Citadel manages its own PKI and can be initialized with a RootCA or with an externally supplied one. We recommend using a RootCA.

With the Ingress-gateway and citadel, the following architecture can be built:

Within Istio, the ingress-gateway always operates in re-encrypt mode.  A company-signed certificate must be supplied to the Ingress-Gateway. We can use cert-manager to accomplish this because the Ingress Gateway consumes certificates from secrets.

Internal connections in the mesh can be configured to use mTLS. Certificates to support mTLS connections are automatically generated by Citadel and injected into the application pods. mTLS was not one of our initial requirements, but it is an optional feature and benefit since it allows us to create RBAC rules to specify which client can connect to our services.

Consideration on Ingresses

Ingress resources are Kubernetes-native resources that play the same role as OpenShift routes. In fact, if you create an Ingress resource in OpenShift, the router will recognize this object and configure HAproxy to make use of it.

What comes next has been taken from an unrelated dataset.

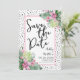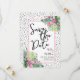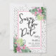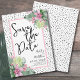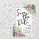 Un diseño tropical que abraza la belleza tranquila de la naturaleza mezclada con un toque juguetón que seguramente te ayudará a divertirte. Una mezcla de calmantes hojas tropicales verdes, incluyendo hojas de plátano, palmas, hojas de monstera y plantas de princesa rosa, junto con flores de orquídea púrpura-rosa y flor de protea, entrelazadas con varios otros follajes. Añadiendo un elemento de diversión, un fondo negro de 'punto desordenado' o 'punto dálmata' infunde el diseño con un toque juguetón. Mejorado por una fuente manuscrita moderna, esta impresión encantadora irradia encanto y sofisticación. Este diseño versátil trae un sentido de paraíso tropical a cualquier entorno u ocasión especial, haciéndolo perfecto para una boda de destino, o simplemente cuando quieres agregar un toque tropical. Floral Colorido Palma Acuarela Tropical Boda Save the Date
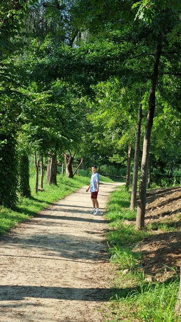 "오빠 저 앞에 먼저 걸어가 봐" 성은이의 스마트폰 카메라에 형민이가 담겼습니다.

So, in order to use Kubernetes-only resources, it would be nice to be able to recreate the configurations discussed above (the first two, in particular) with Ingress resources instead of routes.

This is not possible using the standard Ingress resources since, at the moment, Ingresses only support plain text and edge termination. Unfortunately, the development of the Ingress specification seem to have stalled in the last year.

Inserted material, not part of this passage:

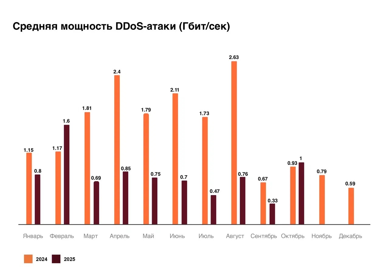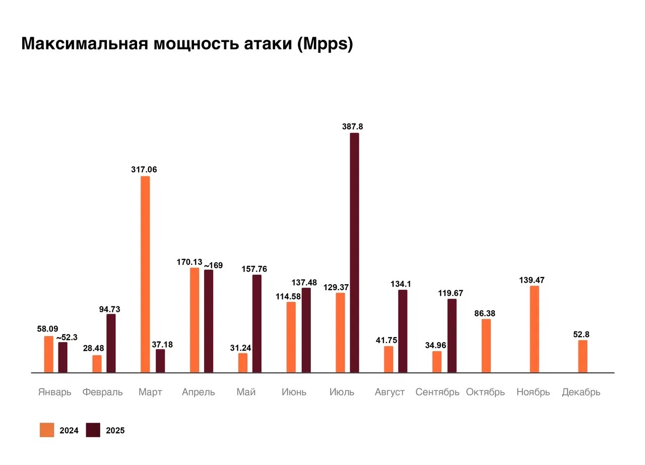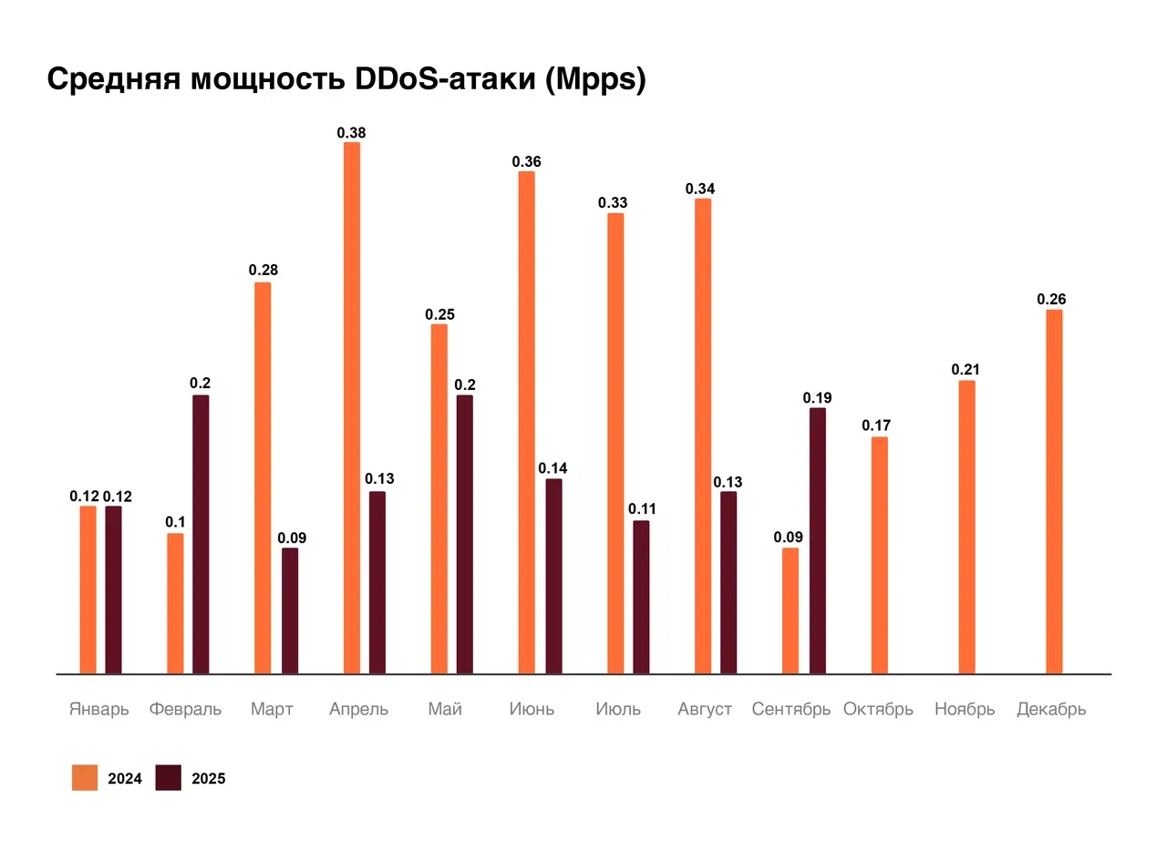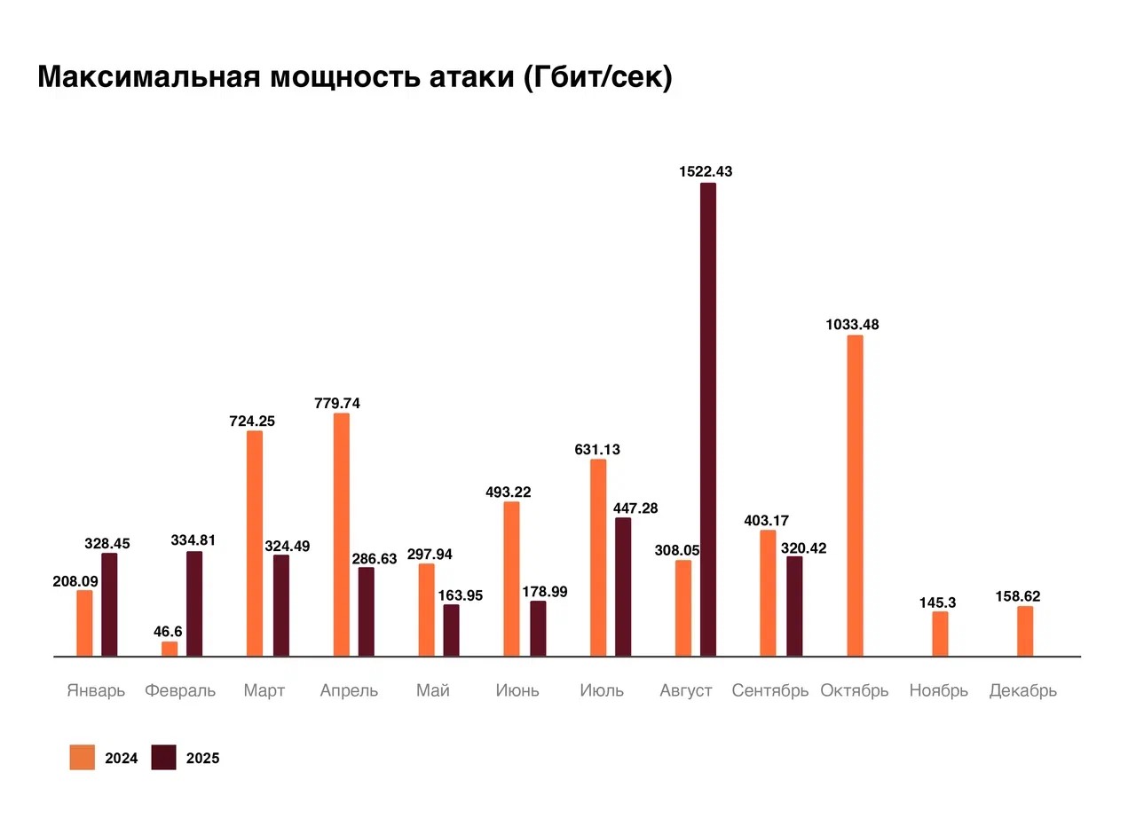Максимальная мощность атаки за 2025 год в BPS наблюдалась в августе. Она составила 1522 Гбит/с — был атакован один из телеком-операторов на фоне проведения саммита Россия — США на Аляске. В целом картина атак в Mpps повторяет динамику 2024 года, но тогда пик пришёлся на июль — резко увеличилась мощность в ходе атак на одного из телеком-операторов.

Most Ingress controllers support implementation-specific extensions that allow for the configuration of re-encrypt and pass-through ingresses.  

So, using implementation-specific extensions, it is certainly possible to implement the architecture discussed above.

Support for Java applications

Certificates are typically provided in Privacy-Enhanced Email (PEM) format and each of the controllers discussed above create certificates in this format.

Java applications expect to serve and validate certificates using keystores and truststores respectively, which store certificates in a different format.

See here for an approach to automatically convert PEM-formatted certificates to key- and trust- stores to make them available to Java applications.

Conclusion

This article provides several options to configure end-to-end encryption for your applications in a self-serviced way. This list of options is not exhaustive, instead it’s more intended to help jumpstart the conversation and help you find the ideal configuration for your requirements within your technology landscape.